I'm sad for you if you are finding his very normal behaviour so odd.

waterrat · 10/07/2021 13:20

Well. It sounds nice as wrll that you are able to consider it all thoughtfully and work it through and enjoy being with him

Sacredspace · 10/07/2021 13:23

Your FWB treats you so much better than anyone I’ve ever had a full on relationship with! Man treats woman well..must be a red flag!

VirginCoconutOil · 10/07/2021 14:08

@Sacredspace

Your FWB treats you so much better than anyone I’ve ever had a full on relationship with! Man treats woman well..must be a red flag!
Yeah, same here. It's just so far out of my realm of experience that it just felt weird!

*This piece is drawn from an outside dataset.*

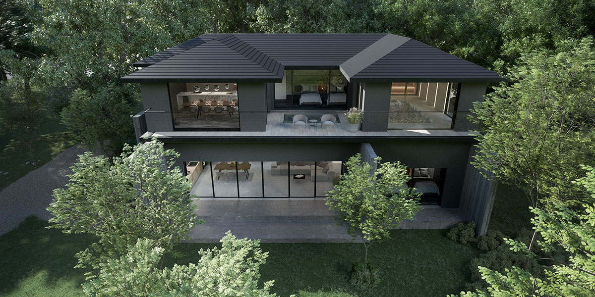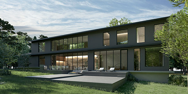 2階のクリアなプールの水底から柔らかな光が降り注ぐ、明るく開放的なLDK空間。水面を透過する光が、日常に特別な輝きを添えます。
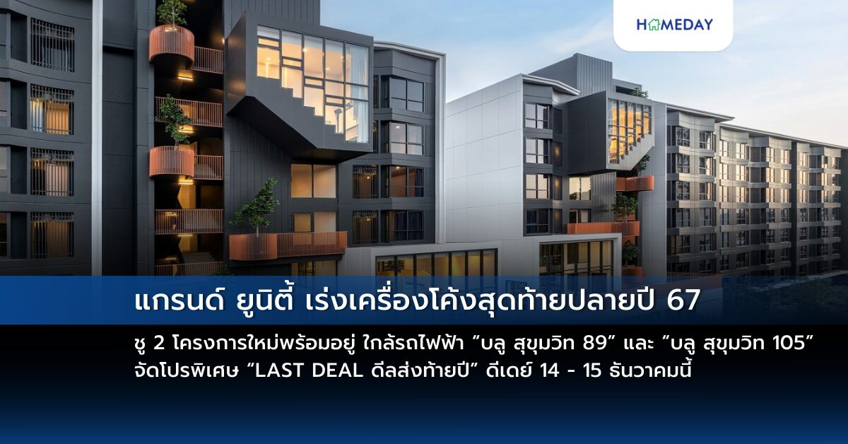 แกรนด์ ยูนิตี้ เดินหน้าอัดโปรฯ กระตุ้นยอดขาย ช่วงชิงกำลังซื้อโค้งสุดท้ายปลายปี 67 อย่างต่อเนื่อง นำ 2 โครงการใหม่พร้อมอยู่ บนทำเลศักยภาพ ใกล้รถไฟฟ้า จากแบรนด์ “บลู (blue)” ได้แก่ โครงการ “บลู สุขุมวิท 89” และโครงการ “บลู สุขุมวิท 105” จัดโปรพิเศษ “LAST DEAL ดีลส่งท้ายปี” พร้อมรับทองคำทุกยูนิต* ฟรี เฟอร์นิเจอร์* และเครื่องใช้ไฟฟ้า* ในวันที่ 14 – 15 ธันวาคมนี้ เท่านั้น

Op you sound really cold! He is expressing affection and telling you you are beautiful- do you realise how odd it sounds that you dislike that so intensely?

If I am.cold, it's a lifetime.of experience thar has got me here. I wasn't always like this. There was a time I assumed I'd fall in love with someone who fell in love with me but the longer I've lived without that, the less likely it seems 🤷🏻‍♀️

OP posts:
Ijsbear · 10/07/2021 15:30

I reckon you're pretty sensible virgin.

Christmasfairy2020 · 10/07/2021 20:03

Just make sure he doesn't stop looking for a normal relationship.

VirginCoconutOil · 10/07/2021 22:17

@Christmasfairy2020

Just make sure he doesn't stop looking for a normal relationship.
Oh, I am.
OP posts:
BringOnTheOtherWorlders · 10/07/2021 22:27

Seems like he is wasting his time if he wants marriage and children. He should be having a life meeting like-minded women, not trimming your hedge.